Epidemiological studies indicate that alcoholics who consume over 90 g of alcohol a day for over five years are at high risk for developing asymptomatic DCM; those who continue to drink alcohol for over 15 years may experience symptomatic DCM, leading to potential heart failure [83, 84]. It is observed that with chronic alcohol consumption, metabolic changes occur within a few weeks [85, 86], but signs of depressed contractile function are detectable only after several months of alcohol consumption [87, 88].
In our study, the amount of alcohol consumed by mice is in the range of moderate levels, lasting about seven weeks. DCM pathway gene expression is already influenced in the hypothalamus under such conditions. This indicates two issues: (a) the drinking activities spanned the adolescence development, highlighting the danger of adolescent alcohol consumption even at moderate levels, and the potential harmful effect later in adulthood for cardiovascular function; and (b) gene activity changes in the hypothalamus may precede noticeable changes in body’s physiology and function, suggesting that these changes in DCM pathway genes may serve as early warning signs for alcohol’s harmful effect.
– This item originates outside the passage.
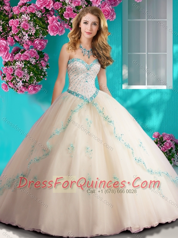 Elegant Beaded and Applique Tulle Quinceanera Dress in Champagne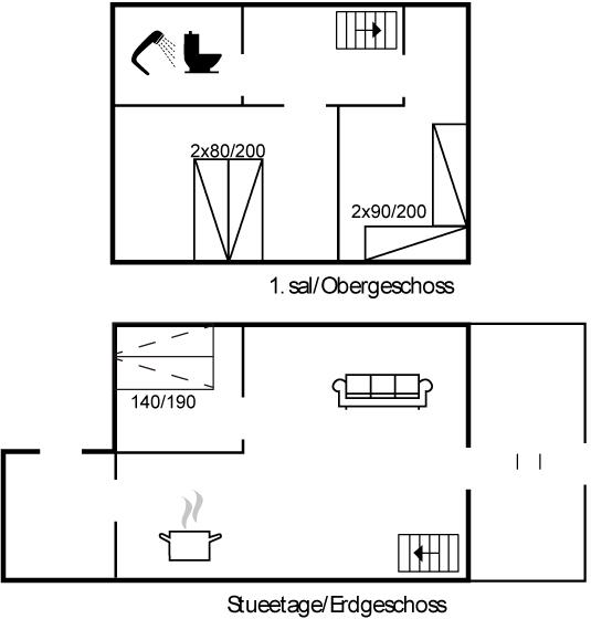 Der er i alt 3 soveværelser. Sovepladserne fordeler sig på: 2 sovepladser i dobbeltseng. 2 sovepladser i enkeltsenge. 2 sovepladser i sovesofa (dobbelt). Derudover er der 1 stk. barneseng.

It should be pointed out that hypothalamus is a neuroanatomically heterogeneous brain structure, with various nuclei subserving diverse functions. Samples in our study encompassed much of the hypothalamus, therefore potentially diluting the extent of local gene expression changes. Future studies with more localized brain tissue collection will be helpful to delineate the roles of sub-hypothalamic regions in alcohol consumption and gene modulation. Another point to note is that, although the observed differences in alcohol consumption were not statistically significant between the 5% and 10% groups of mice, there still might be subtle differences in related gene expression changes, but our study design did not allow for distinguishing expression changes that are related to the 5% vs. 10% alcohol groups. Further studies with larger group sizes would offer improved opportunities to distinguish gene expression differences between different alcohol concentration groups. Additional limitations of this study relate to the fact that only hypothalamic tissues of the brain were studied for gene expression changes; it would be beneficial in future studies to examine cardiac tissues for alcohol-affected genes observed in this study, as a way to validate the findings of the present study. Another issue of note is that in our study, access to alcohol by mice was allowed to continue throughout the study, without any washout period. This study design was chosen to avoid any potential complication from alcohol withdrawal effect, both behaviorally and at the gene expression level, that would likely to occur if a no-drinking washout period were to be instituted. Thus, because of the continued access to alcohol, acute alcohol actions may contribute to the results observed in this study.
Conclusions
This study showed that chronic alcohol consumption during adolescence, even at moderate levels, may trigger gene expression changes in the CNS that parallel those found in dilated cardiomyopathy (DCM). If such effects also take place in humans, our findings would serve as a warning against alcohol intake in youth, such as by teens and/or college students.
Methods
Animals
Male ICR (Institute for Cancer Research) outbred mice were obtained from Shanghai Laboratory Animal Center, Chinese Academy of Sciences, Shanghai, China. ICR outbred mice were also known as CD-1 (Caesarean Derived-1), and it is a commonly used outbred mouse strain. Animals were singly-housed in temperature controlled animal facilities on a 12 hr:12 hr light–dark cycle with food and water available ad libitum. Recording of water/alcohol consumption was conducted during the light cycle, about 4 hours after the light cycle began. Also, behavioral tests were conducted during the light cycle, beginning 3 hours after the light cycle began, and concluding no less than 2 hours before the end of the light cycle.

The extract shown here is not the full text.